If you start two servers and run this client code then you will see a log in one of the servers as soon as the calculation for 30 is completed. The code for 40 will take a little longer and you will see the logs.

You can try starting many servers and modifying the client code to send the request to all of them one by one to see how long it takes to execute.

Making the client code more effective

The usual case for a grid computing scenario is that you have a set of grid servers and you submit the tasks to them. Each server is busy for the duration that it is executing the code and then becomes available for more execution. The following code snippet shows how we can modify the client to loop over a set of proxies and continuously submit jobs.

import xmlrpclib,base64,types,marshal
from fibonaaci import *
from threading import Thread
from collections import deque

proxy = xmlrpclib.ServerProxy("http://localhost:8000/")
proxy1 = xmlrpclib.ServerProxy("http://localhost:8001/")

code_string=base64.b64encode(marshal.dumps(fibonaaci.func_code))

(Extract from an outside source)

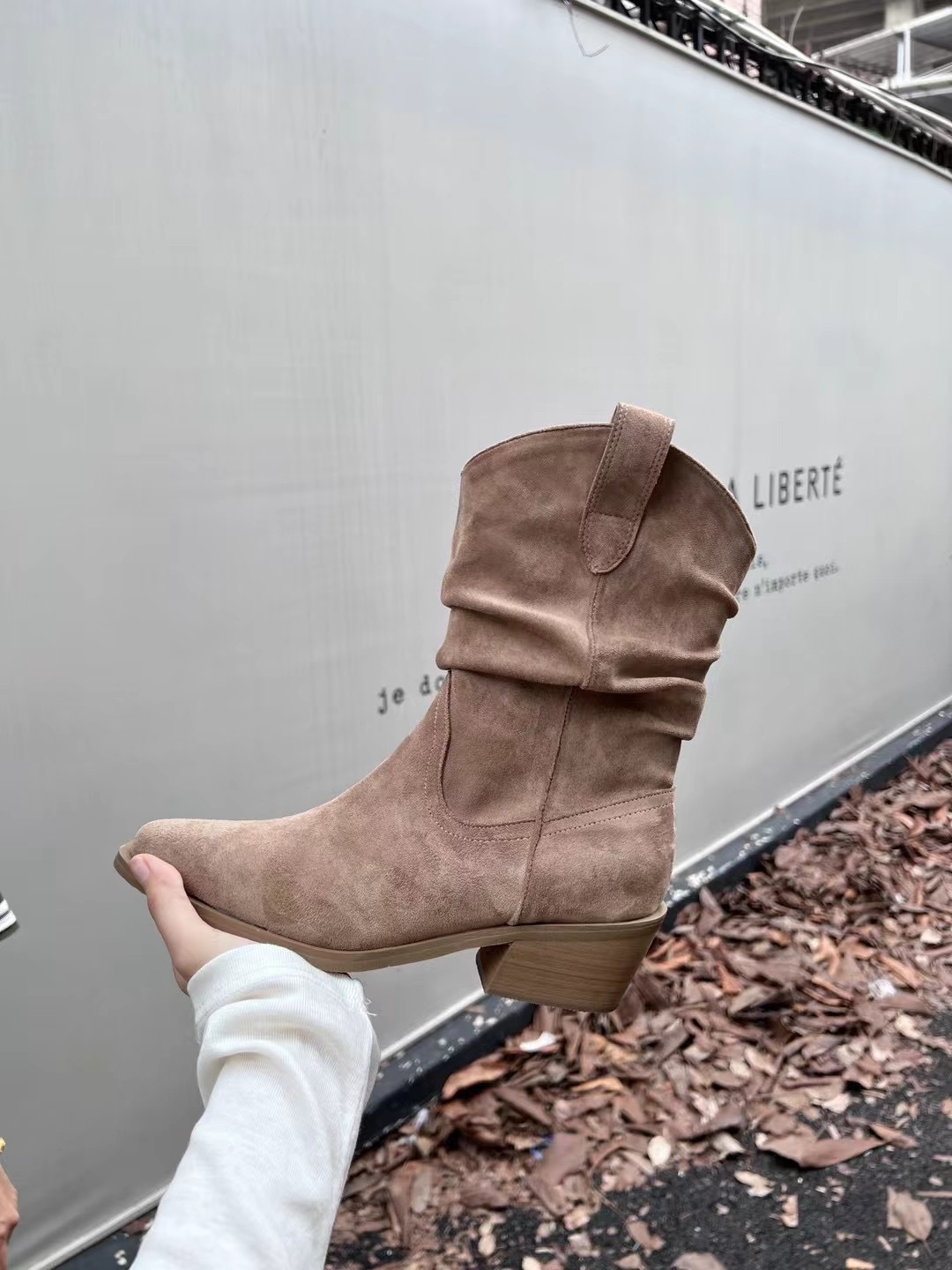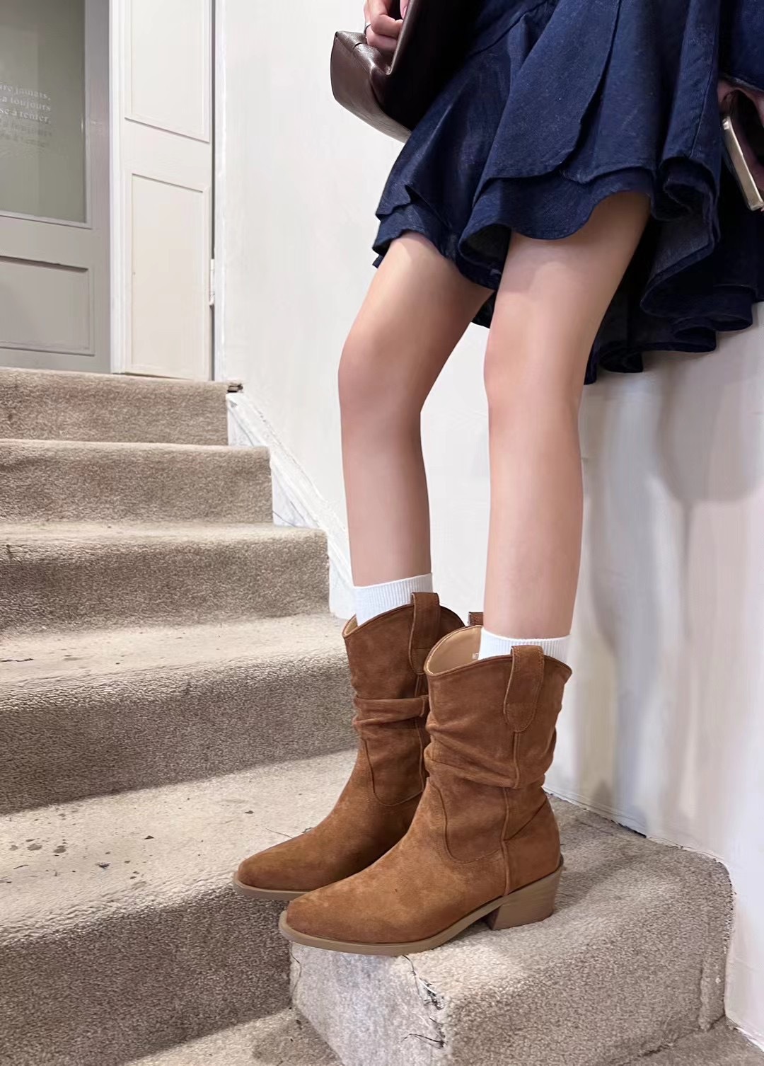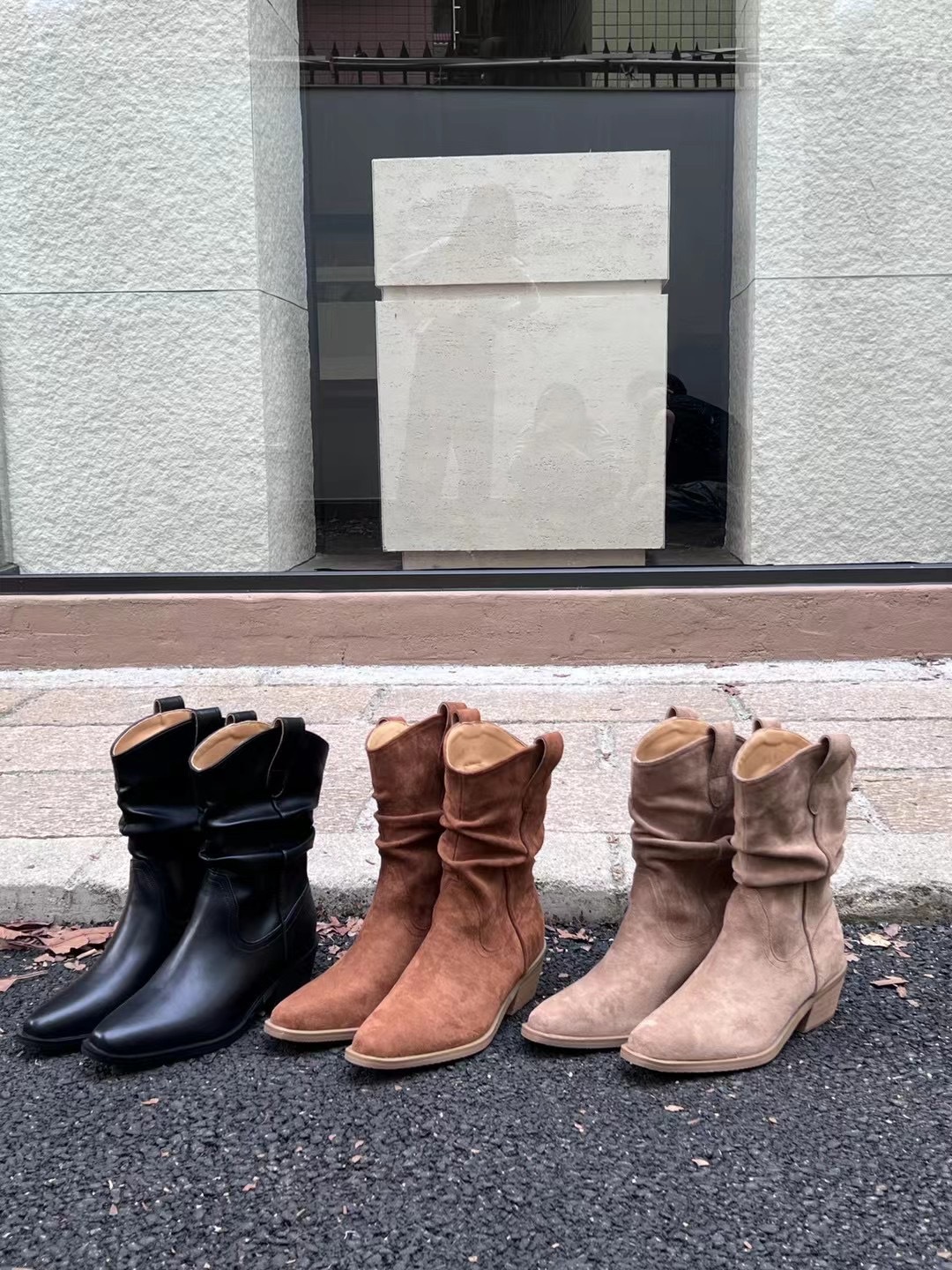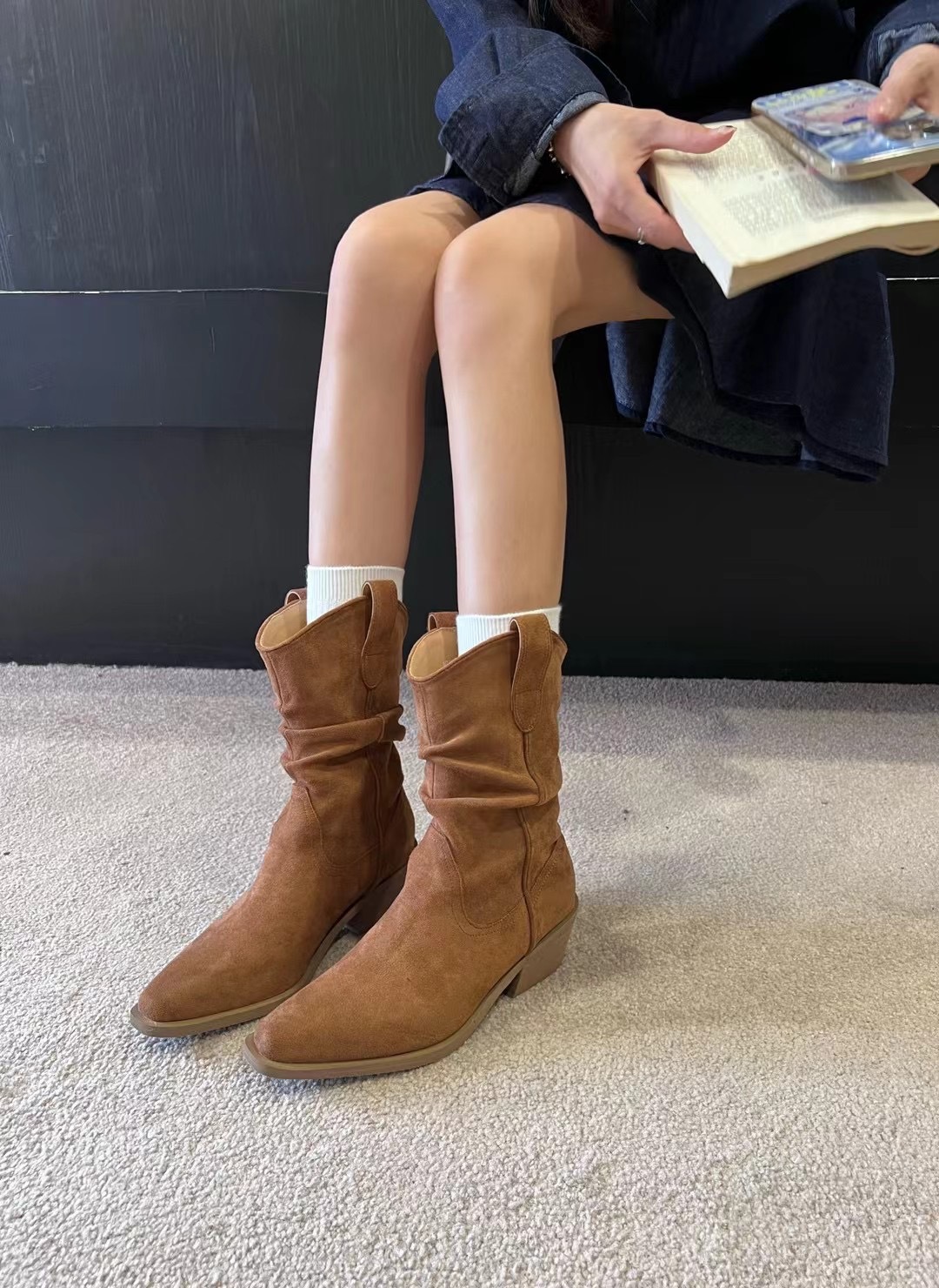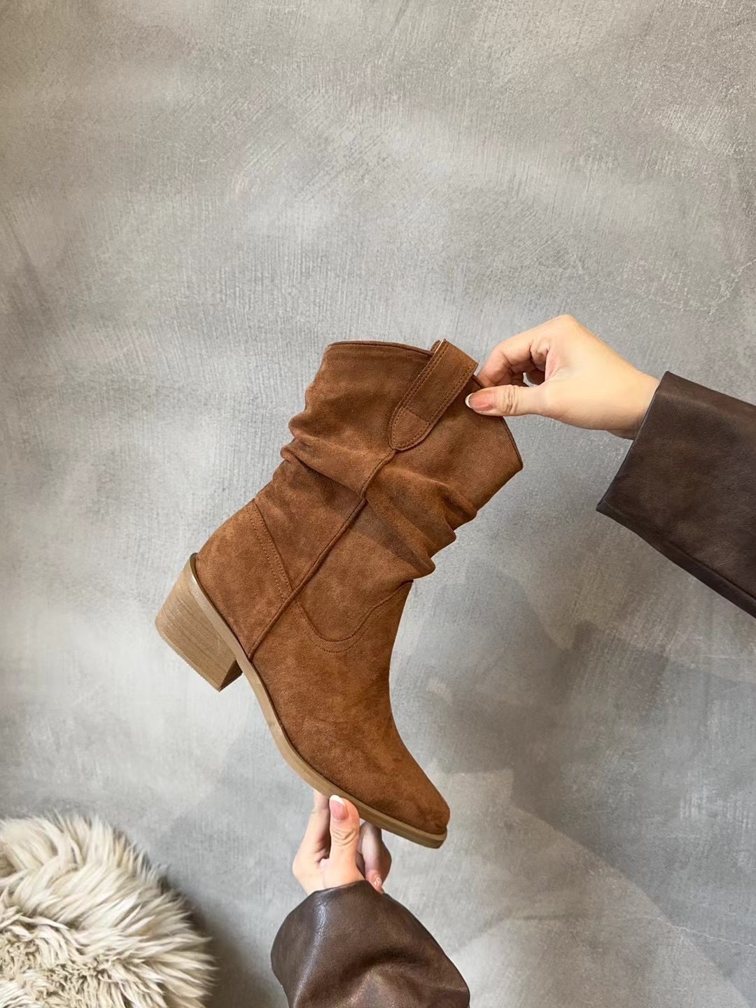 두꺼운 굽의 뾰족한 발가락 미드 부츠 주름진 힙 부츠 여성 2025 가을 겨울 새로운 스타일 복고풍 다용도 짧은 부츠 여성 마틴 부츠스토어 가기

servers=deque([proxy,proxy1])

class Runner(Thread):
    def __init__(self,code,param):
        Thread.__init__(self)
        self.code=code
        self.param=param

    def run(self):
        while True:
            try:
                proxy=servers.popleft()
            except:
                proxy=None
            while proxy is None:
                try:
                    proxy=servers.popleft()
                except:
                    proxy=None
            print proxy.execute(self.code,self.param)
            servers.append(proxy)

r=Runner(code_string,35)
r1=Runner(code_string,35)

r.start()
r1.start()

r.join()
r1.join()

Conclusion

What I have shown here is a very simple example. In a larger use case you will have to ensure that all the libraries are deployed and available on all the grid servers. You will want to have an optimum number of servers, and some way to monitor the status of each job. Also, the client code will have to deal with taking a large input set and splitting it across all the tasks.

All that can be built on top of this simple framework and you can have a working grid ready in a matter of days!

Written on July 26, 2011